In 2019, he was named as the inaugural director of the forthcoming V&A East, due to open in east London in 2025, with Yinka Shonibare as an ambassador for the new museum. This museum complex in London’s Olympic Park designed to engage younger and more diverse audiences through inclusive cultural programming. In November 2025, it was announced that V&A East in London’s Olympic Park would open in April 2026 under the direction of Gus Casely-Hayford, as part of the £1.1 billion East Bank cultural district, with a focus on inclusive and diverse programming aimed at younger audiences.

In February 2022, Casely-Hayford was announced as the new presenter of the online revival of Time Team, alongside Natalie Haynes.

==Personal life==
He is the brother of fashion designer Joe Casely-Hayford, OBE (1956–2019), and of lawyer Margaret Casely-Hayford, and (as son of Victor Casely-Hayford, an accountant who trained as a barrister) the grandson of J. E. Casely Hayford (1866–1930), the great Gold Coast thinker, writer and politician.

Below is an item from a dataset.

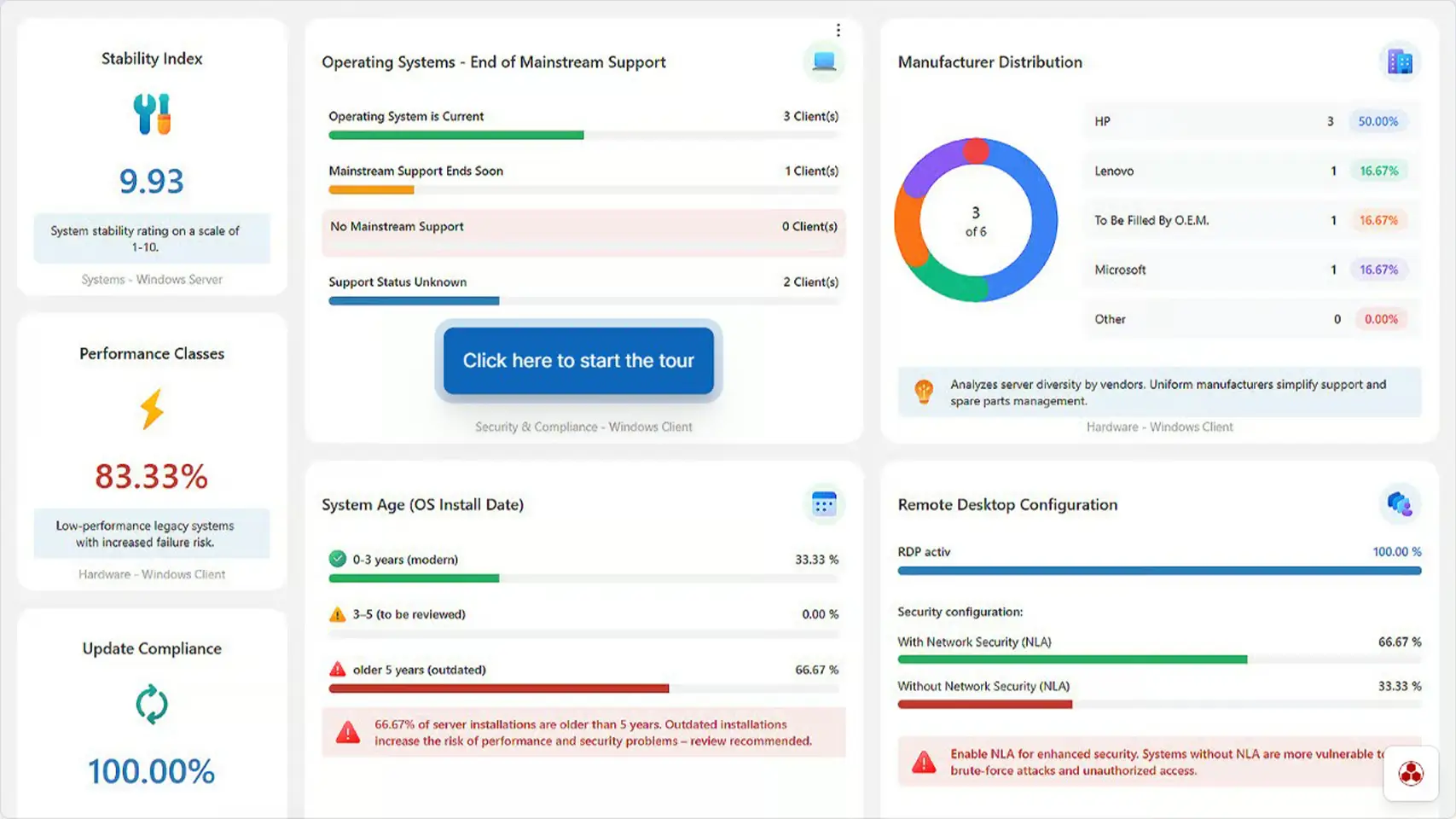 Thanks to over 200 integrated standard reports and evaluations, you can quickly find answers to all your IT-related questions.

He is married and has one daughter, and lives in London with his family.

==Awards and honours==
- 2016: Honorary Fellowship of SOAS University of London
- 2018: Officer of the Order of the British Empire (OBE)
- 2018: Cultural Fellow King's College London
- 2022: Bencher of Inner Temple
- 2023: Honorary Professor in School of Education, Western University, Sydney, Australia
- 2023: Honorary Doctorate in Civil Law from the University of East Anglia
- 2023: Honorary Doctorate from the University of the Arts London
- 2024: Honorary Doctorate from Kingston University, London
- 2024: Fellow of the Society of Art Historians
- 2024: Fellow of the Society of Antiquaries

==Bibliography==
- "Timbuktu" (2018) Illustrated by Angelo Rinaldi.
- Co-edited with Janet Topp Fargion and Marion Wallace, West Africa: Word, Symbol, Song (accompanying British Library exhibition of the same name), British Library Publishing Division, 2015. ISBN 978-0712309899.
- The Lost Kingdoms of Africa: Discovering Africa's hidden treasures, Transworld Publishers, 2012. ISBN 978-0593068144.
- A genealogical history of Cape Coast stool families . PhD Thesis. London, The School of Oriental and African Studies, 1992.